フォーチュン・クッキー
「やっと終わったばい」
小隊長室でもくもくと事務仕事をしていた、ひょんなことから事務官となった中村光弘は大きく伸びをした。
「それにしても、司令はどこ行きよったとね?」
中村が小隊長室を出ると、まもなくその司令を発見した。
茜大介、12才。彼こそが現在の5121小隊司令の天才美少年だった。
中村は茜に声をかけようとしたが、彼の様子をいぶかしく思い開きかけた口を閉じた。
茜はその整った横顔に厳しい表情を纏いつかせていた。きつい翠の瞳が睨みつける先を見やると、栗色の髪の小さな少女が彼女の相棒の背の高いオペレーターの自称美少年に駆け寄るところだった。
「たかちゃ〜ん」
「どうした?ののみ」
「うん、あのね。かたぐるましてほしいのよ」
「ああ、いいぞ。」
「ののみねぇ、たかちゃんがだぁいすき〜」
「俺もののみが大好きだぞ」
東原ののみと瀬戸口隆之の仲睦まじい様子のオペレーターコンビを茜は悔しそうな表情で睨み続ける。
中村はそっと茜に歩み寄るとぽんとその肩を叩いた。
びくっとして振り返った茜は中村を確認すると緊張を解いた。
「おまえか…」
「何しとっと?」
「東原はあいつが好きなのか?…」
「瀬戸口か?東原はまだ子供じゃけん、恋愛感情とは違うと思うけん。あれはどうみても親子か兄妹に見えるけんね」
「…そうか?」
「気になるなら告白してみなっせ?」
茜は忽ち真っ赤になってどもった。
「ば、ば、馬鹿な…こ、告白なんてこの僕が…か?」
「じゃけん、黙ってるだけでは伝わらんと思うとよ」
「ば、だ、誰がそんな…」
「ばってん、東原のこと好いとっと?」
「うるさい!」
茜は顔を赤くしたまま怒鳴ると、その場を後にした。
「はあっ…素直じゃなか」
中村はそんな茜の後姿を見ながら溜息をつく。
「ほんなこつ世話の焼ける奴たい」
翌日の放課後、中村は食堂でクッキーを焼いていた。
そこへ匂いに誘われたのか、ののみが入ってきた。
「ふわぁ、いいにおいだねぇ、みっちゃん」
中村はののみを見るとにこにこして話しかけた。
「おお、ののみちゃんか。
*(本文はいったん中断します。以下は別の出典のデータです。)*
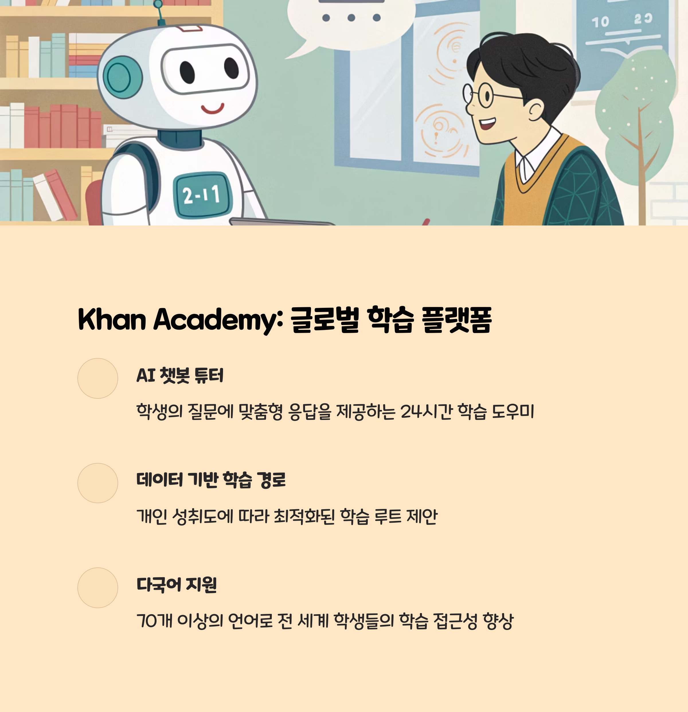 Khan Academy는 전 세계적으로 사랑받는 무료 개인화 학습 플랫폼입니다. 수학, 과학, 역사 등 다양한 과목의 동영상 강의와 함께, 실시간 채점과 해설이 제공되는 연습 문제를 제공합니다. AI 기반 분석으로 학생의 취약 영역을 파악해, 맞춤형 학습 경로를 안내합니다. 특히 ‘Khanmigo’라는 AI 튜터는 학생의 질문에 실시간으로 답변하고, 학습 방향을 제시해 줍니다.

よかところに来たね。ちょうどクッキーば焼けたところじゃけん、食べていきなっせ」
「わぁい。ののみねえ、みっちゃんのつくったおかし、だいすきなのよ」
食堂の椅子にちょこんと座ったののみの前に中村は皿に盛ったクッキーを置いてやった。
「紅茶も飲むね?」
「うん、じゃなくて、はい!」
テーブルを挟んでののみと中村のティータイムが始まった。
ののみは美味しそうにクッキーを頬張る。
「えへへ、おいしいね、みっちゃん」
「ののみちゃんはほんなこつ嬉しそうに食べてくれるから、俺も嬉しか」
「だって、ほんとうにおいしいのよ」
ののみはお世辞など言わないから中村は余計気をよくした。
「たくさんあるから、もっと食べなっせ」
「ありがとうなの、みっちゃん」
「ところで、ののみちゃん。好きな男はおるね?」
「ほぇ?ののみはみんな、だいすきだよ」
「いや、まあ、それはそうだろうけん…じゃあ、瀬戸口のことば、どう思っとる?」
「たかちゃん?だいすきなのよ」
「茜のことは?」
「だいちゃんもすきなのよ」
「そ、そうか。」
これは茜にとって脈があるのかないのか。茜には「だい」が付いていなかったから瀬戸口に負けているらしいと中村が悩んでいると、ののみは満面の笑顔で付け加えた。
「ののみはみっちゃんのこともだいすきなのよ」
『お、瀬戸口と俺は同列たい?』
「そ、そりゃ、うれしかばい。で、一番好きなのは?」
「??う〜ん…ののみ、わかんない。みんなだいすき」
皆一緒なら、まだ望みはあるんじゃないか?茜
ののみはふと別のカゴに入ったクッキーに目をやった。
「みっちゃん、あれはなぁに?」
「ああ、これはフォーチュン・クッキーたい」
「ふぉ、ふぉおちゅん?」
「幸運のクッキーって意味たい。外国で中華料理の後に出されるおまけのおみくじたい。このクッキーを割ってみると中におみくじがはいっとるたい」
「ふわぁ、おもしろそうだねえ、おみくじのクッキー」
「ののみちゃんも、一つ引いてみなっせ」
「わあ、いいの?」
ののみは顔を輝かせた。
「よかよか。でもこのクッキーにはおみくじでなく、運命の人の名前がはいっとるたい」
「ふぇ〜うんめいのひと?ののみのうんめいのひとはだれかなぁ?」
ののみは真剣な顔をしてクッキーを選んだ。そして一つ手に取ると中村を見上げる。
「これ、わっていいの?」
中村が頷くと、ののみは指に力を込めてパキンとクッキーを割った。中には白い紙が入っていた。ののみはそれを覗き込む。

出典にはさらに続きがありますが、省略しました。